**Task objective**
Produce an exact transcription of the data, with the images left out.

**Given information**
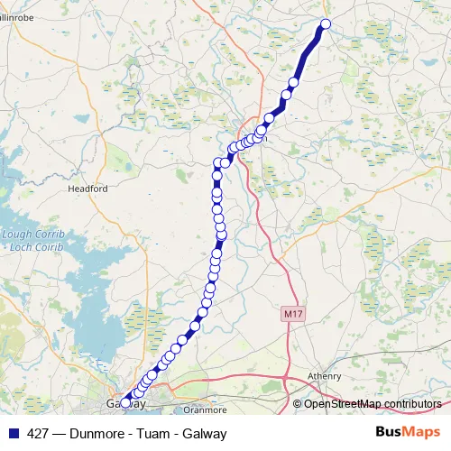 See why over 2 million users trust and consider busmaps.com as the best public transport website. busmaps gives you Galway Buses suggested routes, real-time bus tracker, line route maps in Galway, and helps to find the closest 427 bus stops near you. No internet available? Download an offline PDF map and bus schedule for the 427 bus to take on your trip.
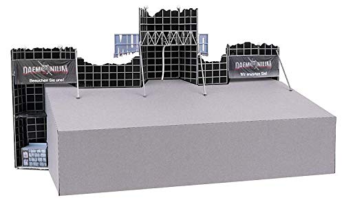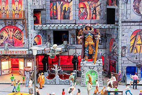 Gruselspektakel im XXL-Format. Digital bedrucktes Funktionsmodell einer großen, mobilen 3-Fahrebenen-Geisterbahn nach dem Originalvorbild »Daemonium« des Schaustellers Martin Blume, einem Fahrgeschäft-Bau des Unternehmens »Mack«. Die eingleisige Expedition führt in käfigähnlichen Gondeln angesichts eine bizarre Folterkammer der Inquisitionszeit. Die Dekorationsmalerei der burgartigen Fassade (»Fasson Künstlerwerkstatt Bernhardt«), der bewegte Schriftzug auch die fantasievoll gestalteten Figuren im Außenbereich realisieren aufwendige Gruselszenarien. 4 Motoren enthalten. Gondeln keineswegs drehbar.
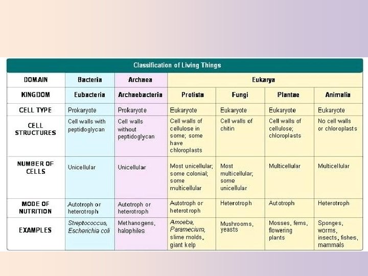 Adaptations of Eubacteria: Flagellum – long, whip like projection to assist with movement and capturing food. (Structure) Cell Wall (Two Types): ‐ function in support and protection ‐ the two types of cell walls are distinguished using a method call gram staining. 1. Peptidoglycan – made of carbohydrates and amino acids (Structure). Bacteria with this type of wall are considered gram‐positive and appear purple when gram stained. 2. Thinner cell wall (structure) outside a thicker lipid membrane. Bacteria with this type of wall are considered gram‐negative and appear pink when stained. Capsule‐is a polysaccharide layer that lies outside the cell membrane to protect cells from engulfment by eukaryotic cells. Capsules also contain water which protects the bacteria against desiccation (drying out) (Structure).
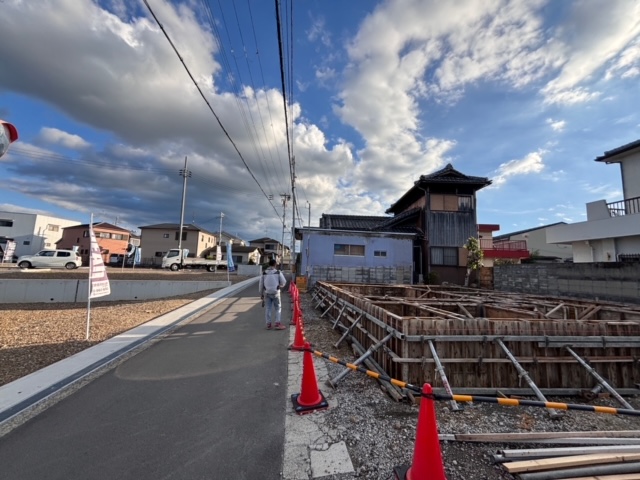 基礎工事を行っている最中で、型枠を組み立てていましたよ!

**Solution to the problem**
 See why over 2 million users trust and consider busmaps.com as the best public transport website. busmaps gives you Galway Buses suggested routes, real-time bus tracker, line route maps in Galway, and helps to find the closest 427 bus stops near you. No internet available? Download an offline PDF map and bus schedule for the 427 bus to take on your trip.
 Gruselspektakel im XXL-Format. Digital bedrucktes Funktionsmodell einer großen, mobilen 3-Fahrebenen-Geisterbahn nach dem Originalvorbild »Daemonium« des Schaustellers Martin Blume, einem Fahrgeschäft-Bau des Unternehmens »Mack«. Die eingleisige Expedition führt in käfigähnlichen Gondeln angesichts eine bizarre Folterkammer der Inquisitionszeit. Die Dekorationsmalerei der burgartigen Fassade (»Fasson Künstlerwerkstatt Bernhardt«), der bewegte Schriftzug auch die fantasievoll gestalteten Figuren im Außenbereich realisieren aufwendige Gruselszenarien. 4 Motoren enthalten. Gondeln keineswegs drehbar.
 Adaptations of Eubacteria: Flagellum – long, whip like projection to assist with movement and capturing food. (Structure) Cell Wall (Two Types): ‐ function in support and protection ‐ the two types of cell walls are distinguished using a method call gram staining. 1. Peptidoglycan – made of carbohydrates and amino acids (Structure). Bacteria with this type of wall are considered gram‐positive and appear purple when gram stained. 2. Thinner cell wall (structure) outside a thicker lipid membrane. Bacteria with this type of wall are considered gram‐negative and appear pink when stained. Capsule‐is a polysaccharide layer that lies outside the cell membrane to protect cells from engulfment by eukaryotic cells. Capsules also contain water which protects the bacteria against desiccation (drying out) (Structure).
 基礎工事を行っている最中で、型枠を組み立てていましたよ!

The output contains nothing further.